Tiny pantsuits, what’s that about? Well. I would love to tell you.
My family is from Punjab, a glorious province in South Asia that was straight up slashed in half by the Brits in 1947. Really not great, Britain, but I digress.
Anyway, in the 90s, Pakistan had the brilliant and beautiful Prime Minister Benazir Bhutto, the first female head of state of a majority Muslim country. The Asian subcontinent was pretty thrilled about it. And as inevitably happens to any woman in the public eye, her fashion choices were always scrutinized. But again, she was gorgeous, so she could pull off anything. If Benazir wore a chartreuse kameez to a trade summit, within ten days, the bazaars would be flooded with all things chartreuse, how even dare you look for something else. It was the kind of trendsetting power you couldn’t ignore, couldn’t avoid. Like Taylor Swift right now.
Fast forward to our new life in America–we moved to Brooklyn, New York–where my mom naturally wanted her seven-year old daughter to blend in. Unfortunately, the head of state was a man and what did men know about style, right? (This is before society allowed men to care about their appearance, way before “metrosexual” was even a thing).
My mother then thought about Hillary Rodham Clinton, and it clicked: obviously the fashion cues would come from the nation’s First Lady. So, in a bid to keep me stylishly relevant, my talented seamstress mother crafted me an entire wardrobe of 10 tiny pantsuits.
Guys, I wore those pantsuits every single day for six months.
Six.

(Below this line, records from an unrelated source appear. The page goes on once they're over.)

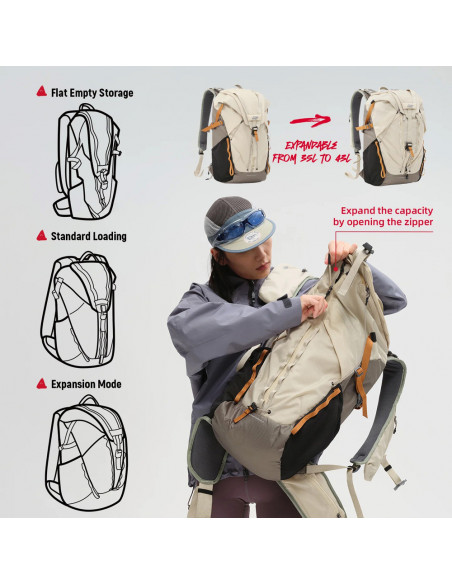 World in Your Pocket The design of the VSGO Pocket Ranger 35 L Off White Green With Insert is inspired by the natural mechanisms of living organisms and cleverly integrates them into the product. Embraces the core philosophy of âNeed to breatheâ, an expression of boundless love for nature and a desire for freedom. Highlights Versatile camera bag Expandable volume: 35L to 43L. Fully open back panel âSnap Opening Systemâ for quick opening and closing. A versatile camera bag This camera bag has a patented folding inner lining that offers an âexpand and contractâ function. When the lining is half filled, the bag transforms into an outdoor photography mode, fitting half photo equipment and half outdoor gear. Fully filled, it becomes a large capacity camera bag. Without the inner lining, it serves as an outdoor bag. When empty, the bag can be compressed to a thickness of just 2 cm, allowing easy storage without taking up space. The Teflon water repellent coating and PVC waterproof adhesive protect the camera well. Fully open back panel The external exoskeleton structure provides strong support and distributes pressure, allowing you to move smoothly through the wilderness even when fully loaded with gear. The fully open back panel allows you to open the bag from any side, both front and back. You can also quickly access your photography equipment through the back panel by placing the custom camera pocket inside the bag. The back panel has excellent support from ultra light aluminium alloy, which keeps its shape regardless of the load. Patented opening system The Pocket Ranger's innovative patented technology, the âSnap Opening Systemâ, offers a new and fast way of opening and closing. The German Fidlock magnetic quick release buckle allows the backpack's zip to be quickly opened and closed by pulling the cord, making it easy to access food during a hike or equipment during a climb. This unique locking mechanism not only facilitates finding and organising gear, but also adds an element of fun to its use. One bag for multiple purposes The interior is freely customisable to suit your needs, allowing you to choose different loading modes. Perfect for photography, hiking, camping and travelling. With a unique expansion system: 25 litres can be expanded to 33 litres and 35 litres can be expanded to 43 litres., Compact to store (compressible to 2 cm thick). Teflon water repellent coating and PVC waterproof adhesive Exoskeleton structure for strong support and pressure distribution Access from any side (front and back) thanks to open back panel Back panel with ultra light aluminium alloy for shape retention regardless of load âSnap Opening Systemâ for quick opening and closing. German Fidlock magnetic buckle with quick release closure. Easy access to gear during hiking or climbing. Unique mechanism that combines ease of use with fun. Customisable interior for different loading modes. Expandable volume: 35L to 43L. Dimensions: 59 x 31 x 20 cm Weight backpack: 1690 g Pouch weight: 670 g 2 year warranty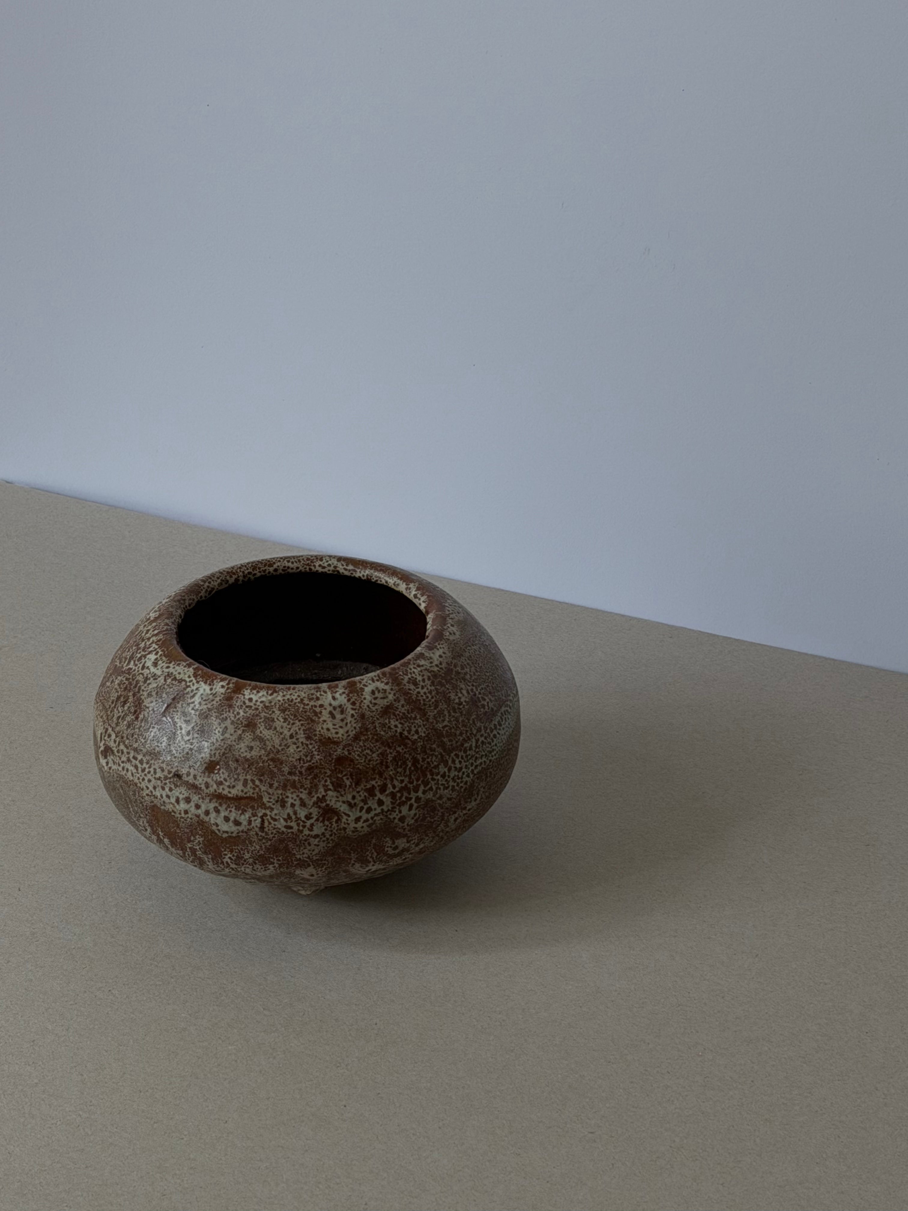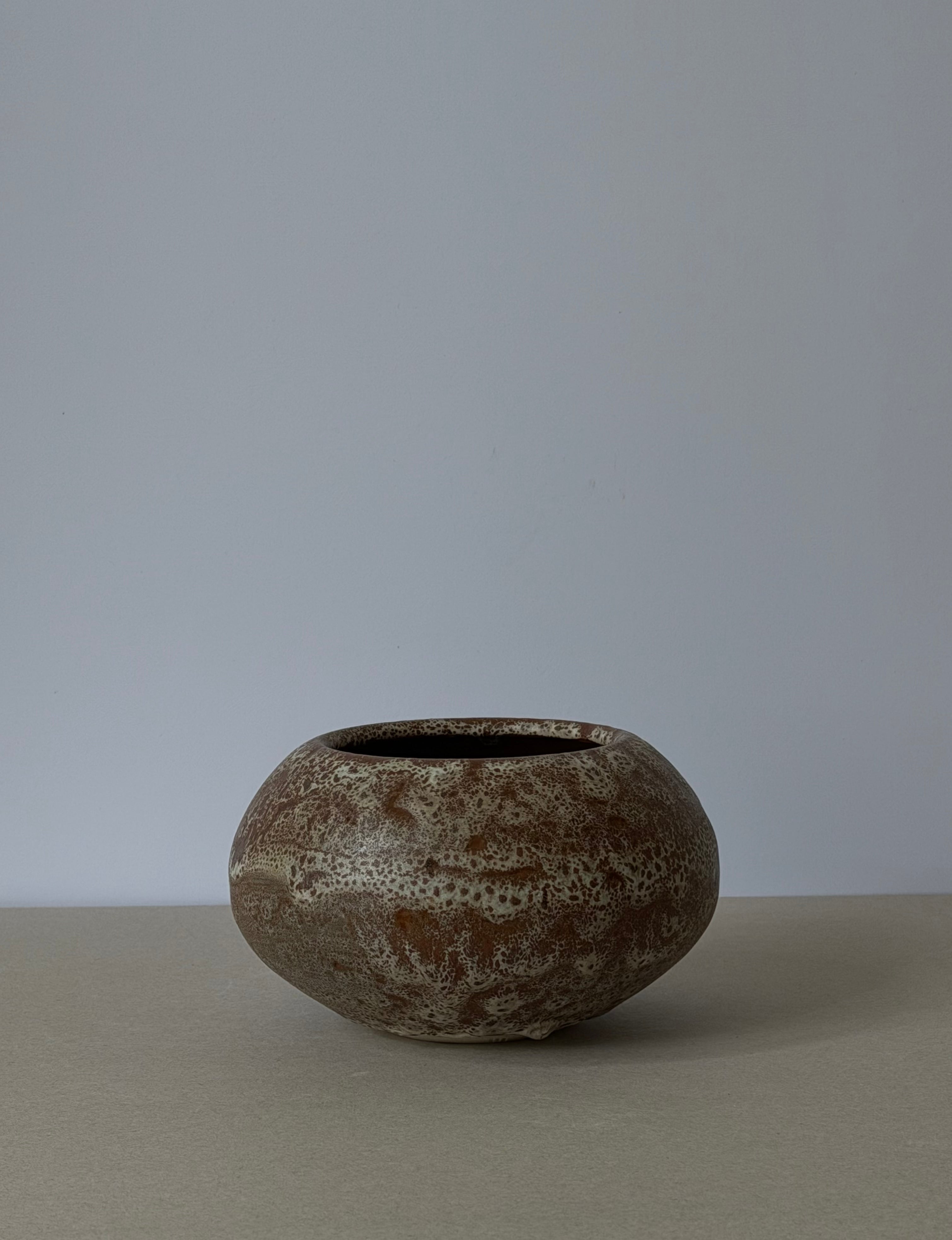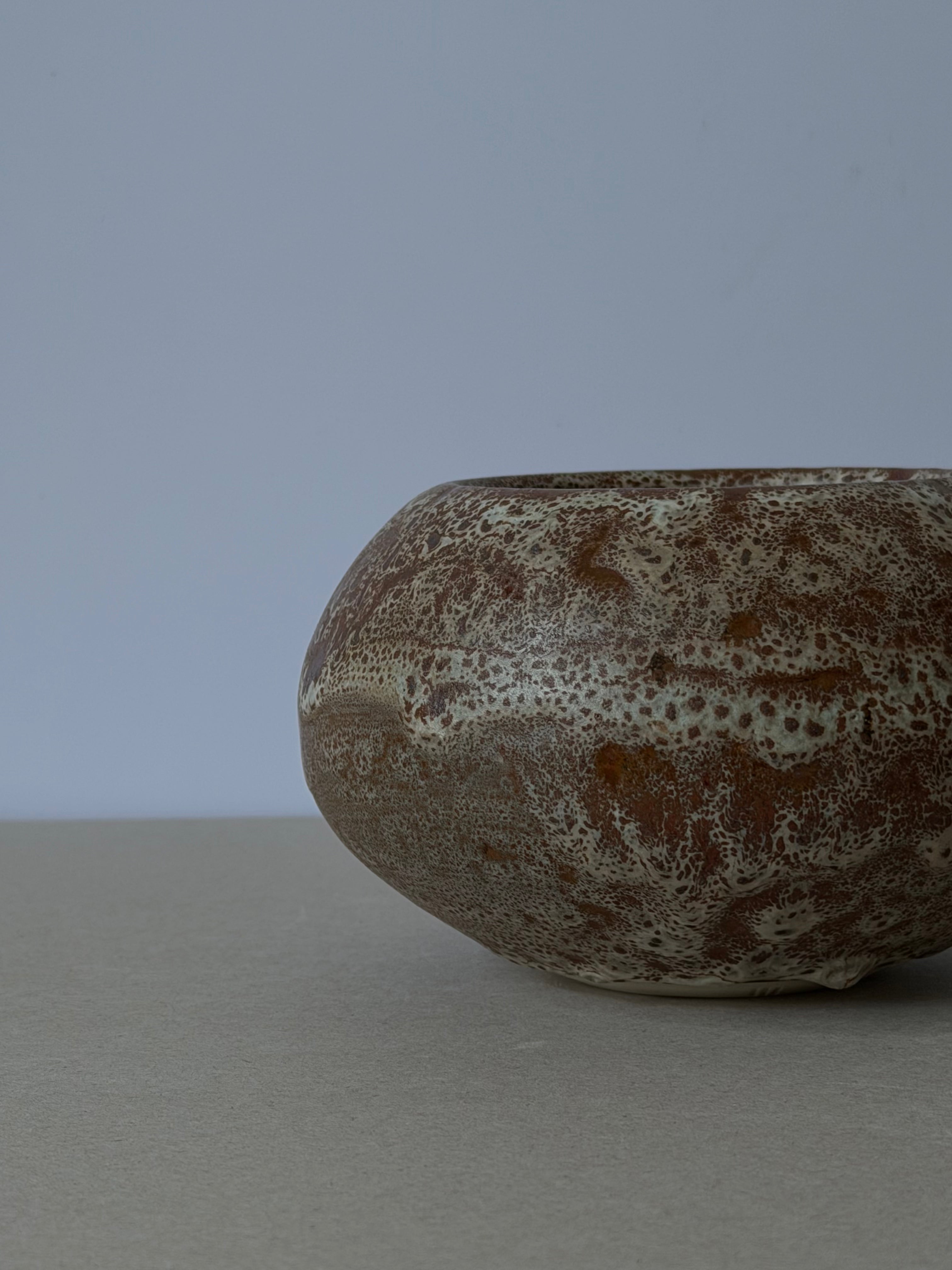 Draws inspiration from the unpredictable beauty of glaze chemistry - the way flux, mineral, and fire combine to produce organic patterning beyond control. The vessel reflects a fascination with material volatility: how transformation leaves its trace in texture. Its surface resembles cooled magma or oxidized metal, suggesting that even stillness can hold the energy.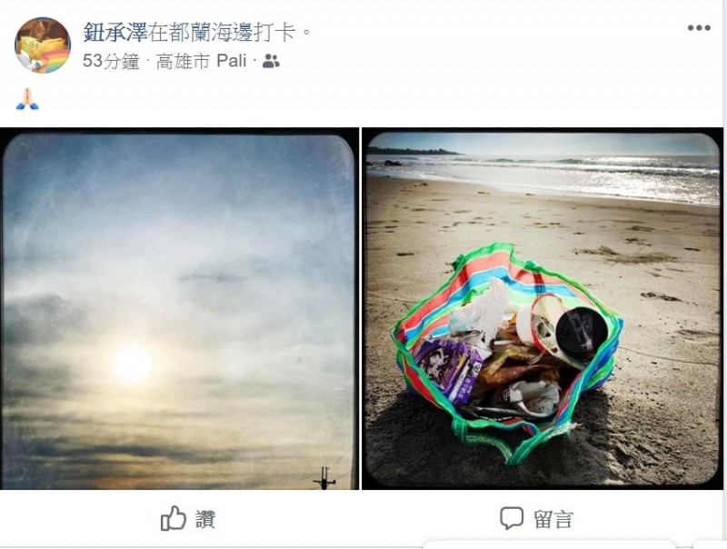 钮承泽趁着生日期间到了都兰海边打卡,不过仅用两张景物照,并未留下文字,仅用双手合十的表情符号,其中一张环保袋中更有着满满的垃圾及杂物。他本人也在更新的封面照片中微笑露脸,并提着打卡照片中的环保袋,疑似到海边净滩。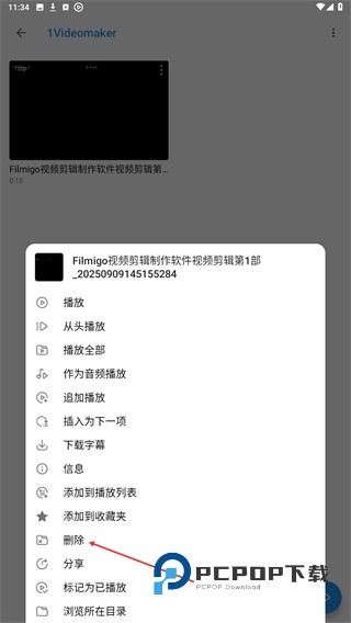 4、在下方弹出菜单栏中,点击删除的按钮即可删除成功。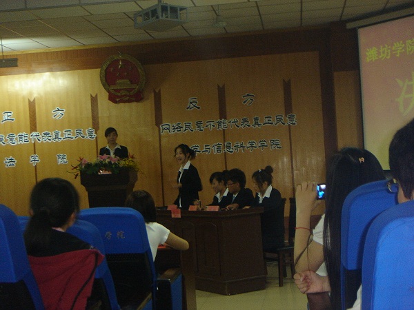 5月24日晚,潍坊学院12届辩论赛在8#321法学院模拟法庭进行了一场巅峰之战,本次辩论赛决赛在法学院与数学与信息科学学院之间展开。同时出席本场比赛的领导有校团委书记周莹,法学院院长等。

Freaking. Months.
It wasn’t until a classmate’s birthday party at a local McDonald’s did my mother realize how out of place I was and thus my sartorial adventure came to an end.
But the memory of those months when I looked like I was cosplaying someone’s matronly aunt on her way to Easter Mass still makes me laugh.
It’s a reminder of how we’re all navigating uncharted territory (#unprecedentedtimes) and doing our best, whether you’re an immigrant mom anxious about her daughter fitting in or just a millennial trying to figure life out. Gotta find humor in the chaos.
And if there’s any theme to this blog, that’s probably it. Hopefully it makes you laugh and your day is a little brighter. You might even learn something, but that’s not my fault.
Thank you for stopping by, glad you could stay a while,
xo, Saana
Thank you for this belly laugh, Saana!